On the PS CPU, the Jupyter Notebook software is running, so we can access the PE module from it: https://github.com/yohanes-erwin/pemrograman_zynq/blob/main/pynq_part_2/part_2.ipynb
**How AXI DMA works?**
- The Python code **send an instruction** to the AXI DMA to move **a certain amount of data** from **a specified address**.
- The data for DMA transfer needs to be contiguous. So, we need to allocate physical addresses.
- The AXI DMA will do the jobs to move that data.

## 2. Custom IP Project
### 2.1. Create Hardware Design
Follow these steps to do the custom IP project:
- Create a new Vivado project for your board.
- Add **ZYNQ7 PS** IP, and then click **Run Connection Automation**.

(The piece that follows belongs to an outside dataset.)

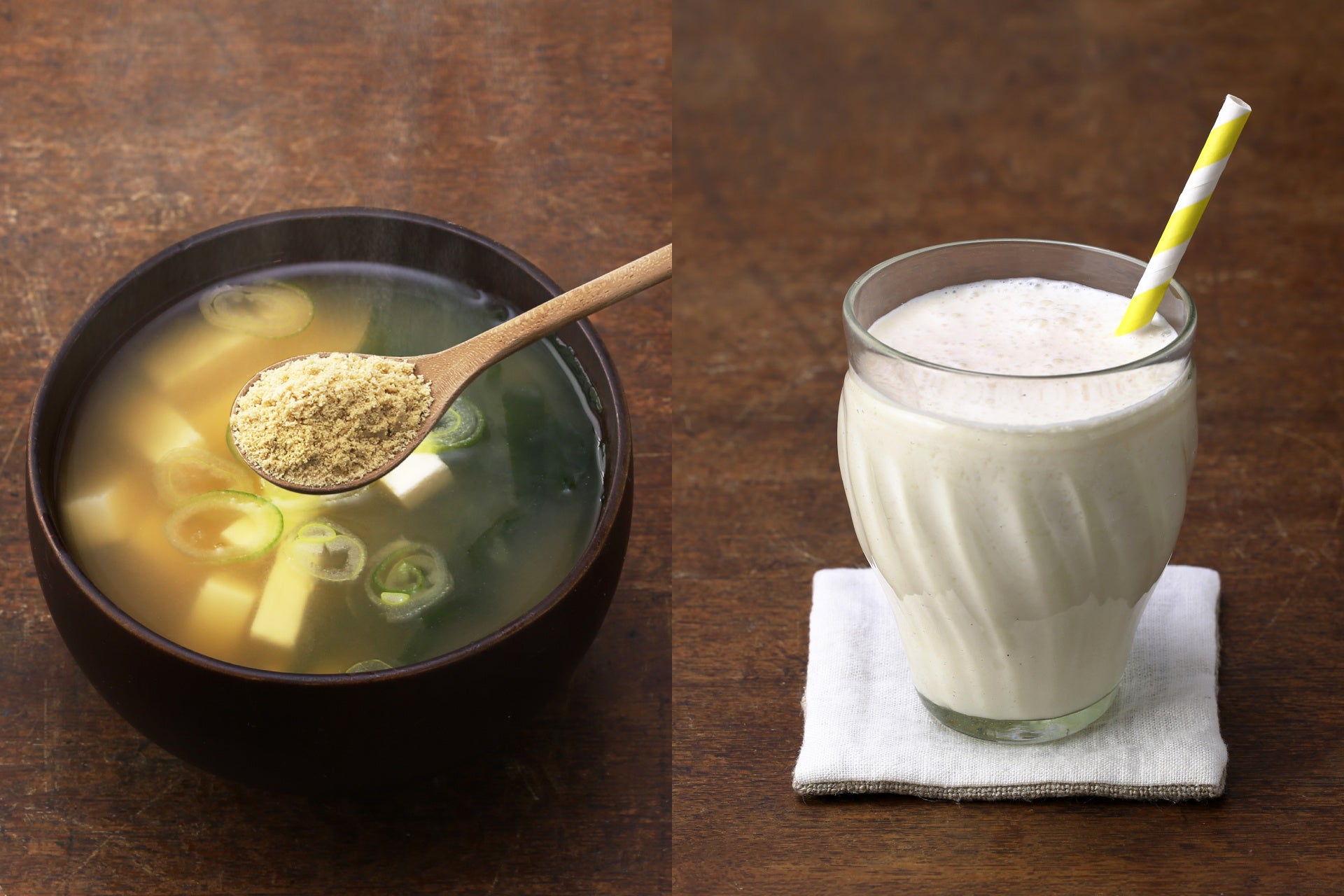 粉末化しているため、サラサラした質感で、納豆のにおいも控えめな「はすやの粉なっとう」。手軽にふりかけるだけで、どんなお料理も納豆菌がたっぷりの「菌活食」に早変わりします。お味噌汁や豆乳などの飲み物に混ぜたり、そのままご飯やトーストに振りかけたりしても美味しくお召し上がりいただけます。

- From the **Add IP** menu, add an **AXI Direct Memory Access (AXI DMA)** IP.

- After the AXI DMA is added, next you can **double-click on the AXI DMA IP** to configure it.

- Configure the AXI DMA as shown in this window, then click **OK**.

- Back to block design and click **Run Connection Automation**. Check the **S_AXI_LITE** port of the AXI DMA and then click **OK**.

- The following figure shows the block design after the AXI DMA and ZYNQ7 PS are connected.

- Next, we need to connect the DMA to the DDR memory. **Double-click the ZYNQ7** IP.
- On the **Page Navigator**, go to **PS-PL Configuration**. Enable the **S AXI HP0 interface** and the **S AXI HP2 interface**. Then, click **OK**.

- Back to block design and click **Run Connection Automation**.
- Check the **S_AXI_HP0** port of the AXI DMA then in the **Options** set the **Master** to **/axi_dma_0/M_AXIS_MM2S**.

- Check the **S_AXI_HP2** port of the AXI DMA then in the **Options** set the **Master** to **/axi_dma_0/M_AXIS_S2MM**. Then, click **OK**.

- After Run Connection Automation, the block design looks like the following figure. The **M_AXI_MM2S** and **M_AXI_S2MM** are connected to ZYNQ7 PS.

- On the left side (the **Flow Navigator**), select the **Add Sources** menu. Then, select **Add or create design sources**.

- Create a new file named `axis_pe.v`.

- Create a new file again named `pe.v`.

- Back to the block design, **right-click on the block design**, and select the **Add Module** menu.

- Add the `axis_pe` module to the block design.

- Connect the AXIS PE module to the AXI DMA. Connect the **s_axis**, **m_axis**, **aclk**, and **aresetn**.

- From the **Add IP**, add a **Constant** IP.

- Connect the **Constant** IP to the **en** port of the **AXIS PE**.

- In the **Sources** section, **right-click on the design_1** design block, then select the **Create HDL Wrapper** menu.
- After that, **right-click on the design_1_wrapper**, then select the **Set as Top** menu.

- On the left side (the **Flow Navigator**), select the **Generate Block Design** menu. In the **Synthesis Options** section, select the **Global** option.
- Run the **synthesis**, **implementation**, and **generate bitstream**.
- Export the `.tcl`, `.bit`, and `.hwh` file to the FPGA board.
### 2.2. Create Software Design
At this point, the required files to program the FPGA are already on the board. The next step is to create Jupyter Notebook files.
- Open a web browser and open **Jupyter Notebook** on the board. Create a new file from menu **New, Python 3 (pykernel)**.
- Write the following code to test the design: https://github.com/yohanes-erwin/pemrograman_zynq/blob/main/pynq_part_2/part_2.ipynb
- In this program, we initialize the DMA, then we allocate a physical memory for input and output. The PE computation is done by calling `dma_send.transfer()` and `dma_recv.transfer()`.